◆ EXERCISE
Restate the entries below without a single change.

[[ SOURCE MATERIAL, beginning ]]

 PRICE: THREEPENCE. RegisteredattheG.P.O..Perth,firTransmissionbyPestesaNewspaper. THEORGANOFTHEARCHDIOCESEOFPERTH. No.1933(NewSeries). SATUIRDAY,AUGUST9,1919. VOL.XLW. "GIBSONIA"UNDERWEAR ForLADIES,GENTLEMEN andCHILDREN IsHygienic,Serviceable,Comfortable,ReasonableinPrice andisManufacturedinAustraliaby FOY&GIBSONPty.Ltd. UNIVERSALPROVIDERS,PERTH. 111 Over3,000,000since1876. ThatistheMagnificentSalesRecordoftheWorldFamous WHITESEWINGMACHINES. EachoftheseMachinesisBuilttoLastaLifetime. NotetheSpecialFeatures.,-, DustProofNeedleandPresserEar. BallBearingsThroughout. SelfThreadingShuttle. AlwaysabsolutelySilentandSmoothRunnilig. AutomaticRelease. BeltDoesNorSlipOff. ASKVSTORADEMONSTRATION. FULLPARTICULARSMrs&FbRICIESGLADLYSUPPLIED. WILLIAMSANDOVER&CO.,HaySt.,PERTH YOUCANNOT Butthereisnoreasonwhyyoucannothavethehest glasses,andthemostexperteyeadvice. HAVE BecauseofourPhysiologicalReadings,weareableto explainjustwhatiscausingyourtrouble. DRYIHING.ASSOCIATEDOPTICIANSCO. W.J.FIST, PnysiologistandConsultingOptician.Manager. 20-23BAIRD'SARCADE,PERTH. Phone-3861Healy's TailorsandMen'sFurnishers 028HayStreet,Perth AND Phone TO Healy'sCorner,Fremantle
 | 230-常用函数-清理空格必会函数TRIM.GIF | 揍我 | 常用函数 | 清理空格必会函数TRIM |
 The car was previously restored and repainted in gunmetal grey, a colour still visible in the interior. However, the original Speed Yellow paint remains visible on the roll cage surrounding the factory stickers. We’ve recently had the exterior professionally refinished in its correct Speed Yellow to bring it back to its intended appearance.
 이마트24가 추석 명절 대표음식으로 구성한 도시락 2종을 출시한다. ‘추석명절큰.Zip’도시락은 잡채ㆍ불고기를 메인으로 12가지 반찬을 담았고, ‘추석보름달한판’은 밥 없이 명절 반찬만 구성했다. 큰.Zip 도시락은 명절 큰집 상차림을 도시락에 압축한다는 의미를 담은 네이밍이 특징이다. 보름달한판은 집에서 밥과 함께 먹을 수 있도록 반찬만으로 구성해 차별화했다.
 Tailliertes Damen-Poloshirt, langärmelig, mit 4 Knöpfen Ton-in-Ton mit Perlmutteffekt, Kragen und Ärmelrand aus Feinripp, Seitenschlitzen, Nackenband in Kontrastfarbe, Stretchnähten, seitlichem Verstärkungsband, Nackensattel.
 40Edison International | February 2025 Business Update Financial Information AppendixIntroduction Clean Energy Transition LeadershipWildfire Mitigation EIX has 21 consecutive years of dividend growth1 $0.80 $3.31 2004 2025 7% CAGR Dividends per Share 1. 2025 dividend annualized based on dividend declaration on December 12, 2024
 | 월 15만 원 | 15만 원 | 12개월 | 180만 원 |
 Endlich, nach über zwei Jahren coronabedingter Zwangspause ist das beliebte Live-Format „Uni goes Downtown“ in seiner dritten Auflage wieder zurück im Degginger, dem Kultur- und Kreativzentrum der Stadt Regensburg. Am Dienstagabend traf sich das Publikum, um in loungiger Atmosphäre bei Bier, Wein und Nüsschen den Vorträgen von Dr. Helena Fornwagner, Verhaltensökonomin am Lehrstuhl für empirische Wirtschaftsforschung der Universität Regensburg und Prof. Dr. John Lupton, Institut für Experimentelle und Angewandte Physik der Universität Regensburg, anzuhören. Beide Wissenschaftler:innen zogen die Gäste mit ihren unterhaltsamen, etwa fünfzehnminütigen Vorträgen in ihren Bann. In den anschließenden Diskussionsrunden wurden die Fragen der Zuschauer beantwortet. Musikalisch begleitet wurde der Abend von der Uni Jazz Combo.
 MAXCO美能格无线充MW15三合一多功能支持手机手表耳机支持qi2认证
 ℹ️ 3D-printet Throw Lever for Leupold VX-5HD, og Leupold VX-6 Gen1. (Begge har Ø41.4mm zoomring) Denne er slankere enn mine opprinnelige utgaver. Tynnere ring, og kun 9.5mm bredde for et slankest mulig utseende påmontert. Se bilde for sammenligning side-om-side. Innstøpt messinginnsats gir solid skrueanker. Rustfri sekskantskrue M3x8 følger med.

[[ SOURCE MATERIAL, end ]]

◆ OUTPUT FOR THIS TASK
 PRICE: THREEPENCE. RegisteredattheG.P.O..Perth,firTransmissionbyPestesaNewspaper. THEORGANOFTHEARCHDIOCESEOFPERTH. No.1933(NewSeries). SATUIRDAY,AUGUST9,1919. VOL.XLW. "GIBSONIA"UNDERWEAR ForLADIES,GENTLEMEN andCHILDREN IsHygienic,Serviceable,Comfortable,ReasonableinPrice andisManufacturedinAustraliaby FOY&GIBSONPty.Ltd. UNIVERSALPROVIDERS,PERTH. 111 Over3,000,000since1876. ThatistheMagnificentSalesRecordoftheWorldFamous WHITESEWINGMACHINES. EachoftheseMachinesisBuilttoLastaLifetime. NotetheSpecialFeatures.,-, DustProofNeedleandPresserEar. BallBearingsThroughout. SelfThreadingShuttle. AlwaysabsolutelySilentandSmoothRunnilig. AutomaticRelease. BeltDoesNorSlipOff. ASKVSTORADEMONSTRATION. FULLPARTICULARSMrs&FbRICIESGLADLYSUPPLIED. WILLIAMSANDOVER&CO.,HaySt.,PERTH YOUCANNOT Butthereisnoreasonwhyyoucannothavethehest glasses,andthemostexperteyeadvice. HAVE BecauseofourPhysiologicalReadings,weareableto explainjustwhatiscausingyourtrouble. DRYIHING.ASSOCIATEDOPTICIANSCO. W.J.FIST, PnysiologistandConsultingOptician.Manager. 20-23BAIRD'SARCADE,PERTH. Phone-3861Healy's TailorsandMen'sFurnishers 028HayStreet,Perth AND Phone TO Healy'sCorner,Fremantle
 | 230-常用函数-清理空格必会函数TRIM.GIF | 揍我 | 常用函数 | 清理空格必会函数TRIM |
 The car was previously restored and repainted in gunmetal grey, a colour still visible in the interior. However, the original Speed Yellow paint remains visible on the roll cage surrounding the factory stickers. We’ve recently had the exterior professionally refinished in its correct Speed Yellow to bring it back to its intended appearance.
 이마트24가 추석 명절 대표음식으로 구성한 도시락 2종을 출시한다. ‘추석명절큰.Zip’도시락은 잡채ㆍ불고기를 메인으로 12가지 반찬을 담았고, ‘추석보름달한판’은 밥 없이 명절 반찬만 구성했다. 큰.Zip 도시락은 명절 큰집 상차림을 도시락에 압축한다는 의미를 담은 네이밍이 특징이다. 보름달한판은 집에서 밥과 함께 먹을 수 있도록 반찬만으로 구성해 차별화했다.
 Tailliertes Damen-Poloshirt, langärmelig, mit 4 Knöpfen Ton-in-Ton mit Perlmutteffekt, Kragen und Ärmelrand aus Feinripp, Seitenschlitzen, Nackenband in Kontrastfarbe, Stretchnähten, seitlichem Verstärkungsband, Nackensattel.
 40Edison International | February 2025 Business Update Financial Information AppendixIntroduction Clean Energy Transition LeadershipWildfire Mitigation EIX has 21 consecutive years of dividend growth1 $0.80 $3.31 2004 2025 7% CAGR Dividends per Share 1. 2025 dividend annualized based on dividend declaration on December 12, 2024
 | 월 15만 원 | 15만 원 | 12개월 | 180만 원 |
 Endlich, nach über zwei Jahren coronabedingter Zwangspause ist das beliebte Live-Format „Uni goes Downtown“ in seiner dritten Auflage wieder zurück im Degginger, dem Kultur- und Kreativzentrum der Stadt Regensburg. Am Dienstagabend traf sich das Publikum, um in loungiger Atmosphäre bei Bier, Wein und Nüsschen den Vorträgen von Dr. Helena Fornwagner, Verhaltensökonomin am Lehrstuhl für empirische Wirtschaftsforschung der Universität Regensburg und Prof. Dr. John Lupton, Institut für Experimentelle und Angewandte Physik der Universität Regensburg, anzuhören. Beide Wissenschaftler:innen zogen die Gäste mit ihren unterhaltsamen, etwa fünfzehnminütigen Vorträgen in ihren Bann. In den anschließenden Diskussionsrunden wurden die Fragen der Zuschauer beantwortet. Musikalisch begleitet wurde der Abend von der Uni Jazz Combo.
 MAXCO美能格无线充MW15三合一多功能支持手机手表耳机支持qi2认证
 ℹ️ 3D-printet Throw Lever for Leupold VX-5HD, og Leupold VX-6 Gen1. (Begge har Ø41.4mm zoomring) Denne er slankere enn mine opprinnelige utgaver. Tynnere ring, og kun 9.5mm bredde for et slankest mulig utseende påmontert. Se bilde for sammenligning side-om-side. Innstøpt messinginnsats gir solid skrueanker. Rustfri sekskantskrue M3x8 følger med.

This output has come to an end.